S. Reymart Alter, J.

The plaintiff and the defendant, a physician, entered into an agreement in writing whereby the defendant leased space located in Florida, for a period of five years, beginning March 1, 1961 and ending February 28, 1966, under the following terms and conditions. The total rental for the entire period is in the sum of $15,180, payable in equal monthly installments of $253. Defendant deposited with the *381plaintiff the sum of $759 “ to he applied for the 58th, 59th and 60th months of this lease ”.

Defendant paid rent for four months and then abandoned the rented space. Neither in the answering affidavit submitted in opposition to plaintiff’s motion for summary-judgment, nor in the memoranda of law submitted on behalf of defendant is there to be found the slightest suggestion of excuse or justification for this willful abandonment and breach.

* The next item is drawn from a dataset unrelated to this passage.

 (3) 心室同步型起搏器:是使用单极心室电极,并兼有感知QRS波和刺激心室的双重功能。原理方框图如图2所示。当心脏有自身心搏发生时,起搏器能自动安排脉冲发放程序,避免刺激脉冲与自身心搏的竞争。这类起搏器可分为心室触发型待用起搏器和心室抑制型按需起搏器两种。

During the fifth, sixth, seventh and eighth months of this five-year term, the abandoned space remained vacant. With the beginning of the ninth month, a new tenant rented from the plaintiff landlord the subject space, under a lease for five years beginning November 1, 1961 and ending October 31, 1966, at a rental payable in equal monthly installments of $220. At the time of the commencement of this action the new tenant had paid the lesser rental for a period of 15 months, from November 1, 1961 through January 31, 1963.

Plaintiff in this action seeks to recover the sum of $10,000, as follows:

$15,180, the entire 5 years lease rental; less 1,012; the four (4) monthly installments paid; less 759, the security covering the 58th, 59th and 60thmonths; less 3,300, the rent collected from the new tenant for fifteen (15) months @ $220 per month,

waiving the sum of $109 to come within this court’s jurisdiction, the total credits conceded by plaintiff to defendant being $5,071 against the sum of $15,180, the rent agreed upon for the full term of the lease.

Plaintiff relies upon the following provisions of the lease:

“ The entire rental for this period to be $15,180 * * * Should said rent herein provided at any time remain due and unpaid for a space of five days after same shall become due * * * the entire rent for the remainder of the entire term shall at once become due and payable ” (1).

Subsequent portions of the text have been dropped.